The NDISTest 6.5 – [2 Machine] – CheckConnectivity job

The NDISTest 6.5 – [2 Machine] – CheckConnectivity job ensures that the test and support devices can communicate correctly by doing a basic send and receive.

If the “Run script to detect devices and populate parameters” task is marked as failed, the device autodetection failed. Double click detect.wtl to open the autodetection log to determine which device was not detected.

Autodetection of the devices will only work if machines are set up in the recommended topology. The test machine needs to contain the target NIC and the message NIC. The support machine needs to contain a support NIC and a message NIC. Any additional connected Ethernet devices will make autodetection impossible and will require the devices to be renamed to denote their roles.

The support NIC needs to be connected to the test NIC using a direct connection (no switch or hub) in order to avoid interference. The message NICs are the same NIC used for connectivity to the controller machine and the rest of the lab or corporate network.

The CheckConnectivity script logic

The autodetection script logic is as follows:

  1. Find the message NIC.

    1. Search for devices named “MessageDevice”.

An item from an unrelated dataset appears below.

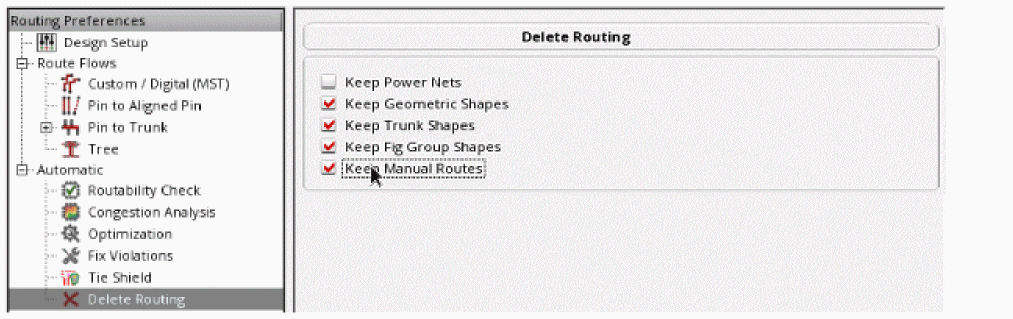 Delete Routing is an interactive command where you explicitly ask for the routing to be deleted. Clicking Delete Routing from the Automatic tree under Routing Preferences option deletes all the routing in FIXED constraints. However, the routes in the LOCKED constraint are not deleted.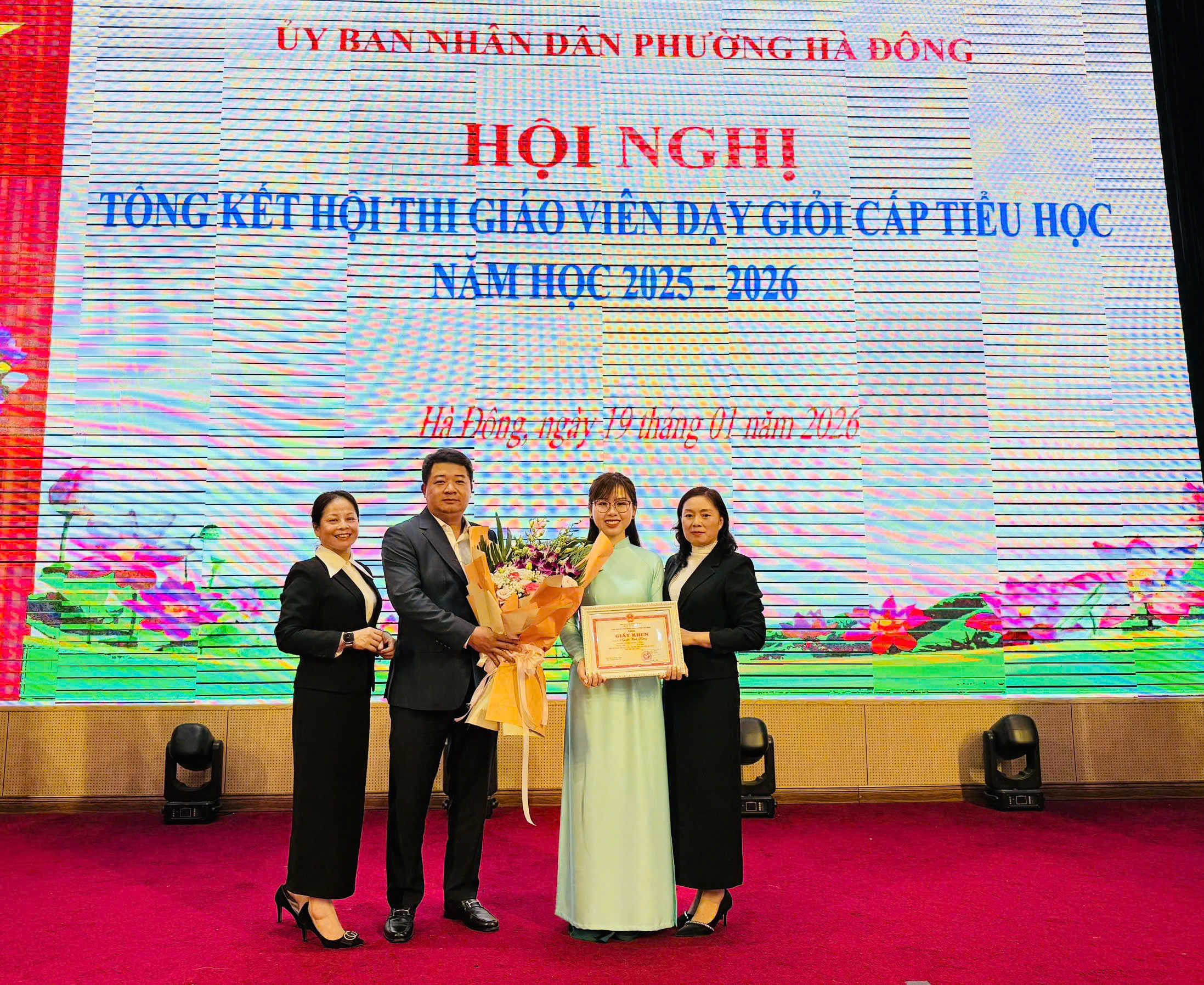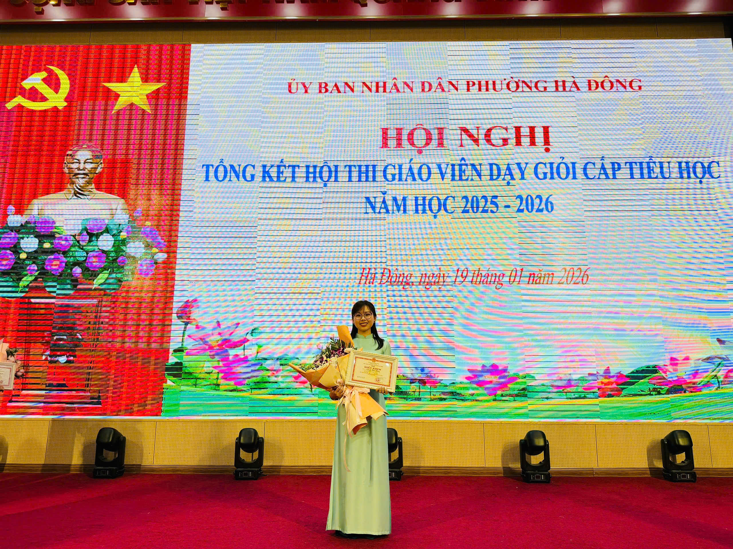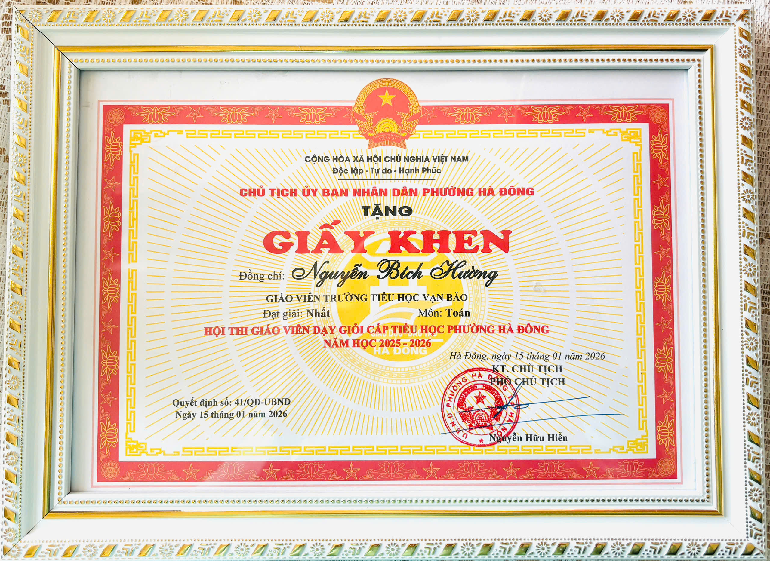 Kết quả, cô giáo Nguyễn Bích Hường đã xuất sắc đạt Giải Nhất tại Hội thi Giáo viên giỏi phường Hà Đông. Đây là thành tích đáng tự hào, ghi nhận những nỗ lực không ngừng của cô, đồng thời góp phần nâng cao uy tín và chất lượng giáo dục của Trường Tiểu học Vạn Bảo.

    2. If not found, search for the Ethernet NIC with a DHCP assigned IP address.

    3. If still not found, search for the Ethernet NIC with a statically assigned IP address.

    4. If nothing is found, fail and exit.

  2. If running on the support machine, find the support NIC.

    1. Search for devices named “SupportDevice0”.

    2. If not found, search for a physical, enabled Ethernet NIC that is not the message NIC.

    3. If nothing is found, fail and exit.

Full details of the autodetection script logic can be found by examining the script which is located at: \\[CONTROLLER]\Tests\[ARCH]\NDIS\Scripts\detect.wsf


[CONTROLLER]. The name of the controller computer.

[ARCH]. Either x86 (for x86-based processors) or amd64 (for x64-based processors).

Reading the NDISTest Logs

One way to read NDISTest logs is to double click “ndistest.wtl” or right click the task result and go to “Additional files” for the job result you want to view. This will open the DTM Manager log viewer.

NDISTest also produces HTML logs which are often much more readable. To view the HTML log for a result, right click the task result and go to “Additional files”. There will be several files listed; open the checkconnectivity.htm file under the “Client” folder.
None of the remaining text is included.